# What you have to do:
Copy each line that includes the string "actividades" from the material into your answer.

# Provided data:
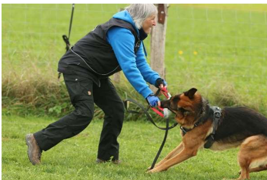
Um eine Beute streiten
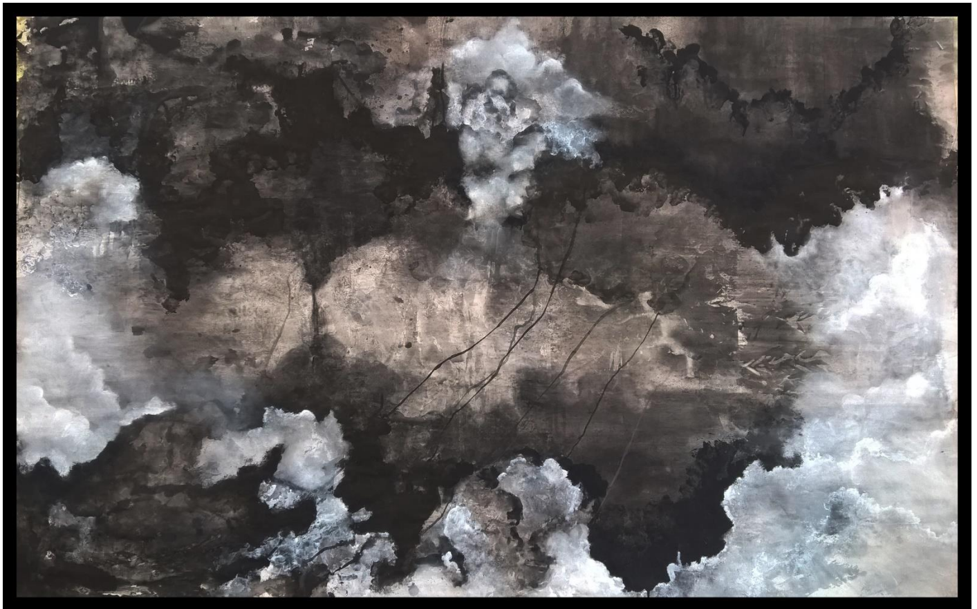
Gotovi rad 3
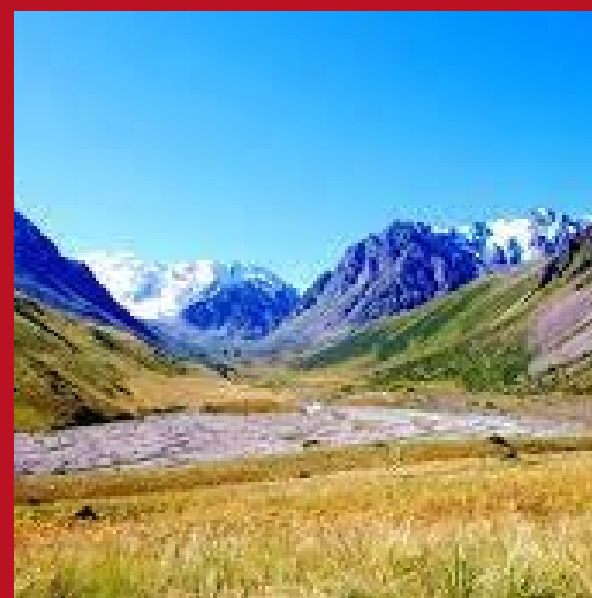
Чон-Кемин (киргизская сторона) / вся река Чу (казахская сторона), Кыргызстан - Казахстан
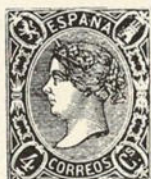
S de C s ancha
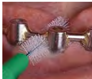
(図2) ワイヤーがプラスチックコーティ ングされているのでインプラントに も安心して使用できる

そして、なんと言ってもお勧めはサイズが豊富な歯間ブラシ。メタルワイヤーがプラスチックコーティングされているので、インプラントの方にも安心して使っていただけます（図2）。天然歯の方も金気を感じないと好評で（図3）、根面が露出している場合やオーバーブラッシングになりがちな方にも安心してお勧めできます。エクストラソフトタイプは、通常の歯間ブラシよりもブラシが柔らかく、歯周炎やインプラントの患者さん、粘膜疾患をお持ちの方にも向いているようです。
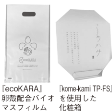
『ecoKARA』 卵殻配合バイオマスフィルム

当者は「企業の環境や社会的責任への姿勢を伝えるコミュニケーションツールとして活用してほしい」としている。
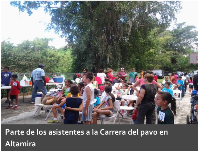
Parte de los asistentes a la Carrera del pavo en Altamira
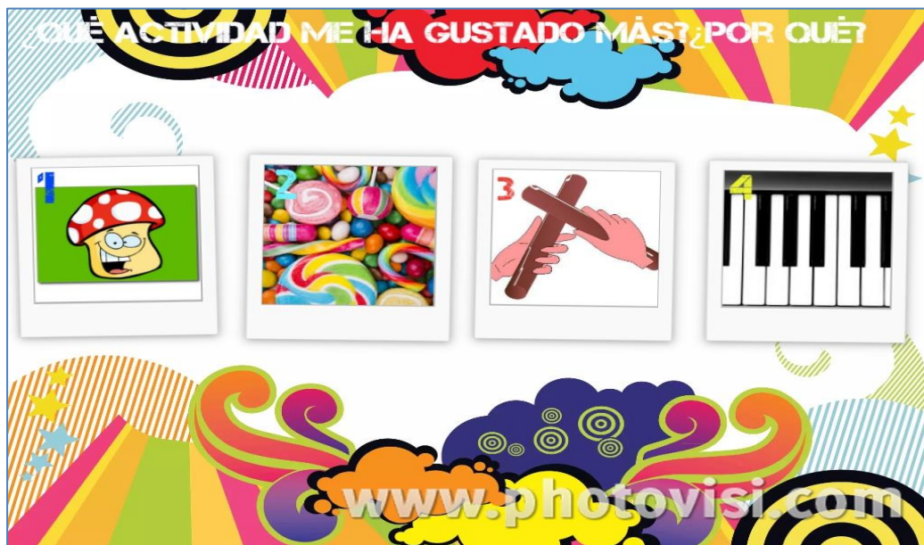
Figura 2. Imagen de actividades.

Finalmente, para que las cuatro actividades estuvieran en igualdad de condiciones, se proyectó una imagen al final de cada sesión en el que se especificaba el número de la actividad con una imagen representativa.

# Written response:
Figura 2. Imagen de actividades.
Finalmente, para que las cuatro actividades estuvieran en igualdad de condiciones, se proyectó una imagen al final de cada sesión en el que se especificaba el número de la actividad con una imagen representativa.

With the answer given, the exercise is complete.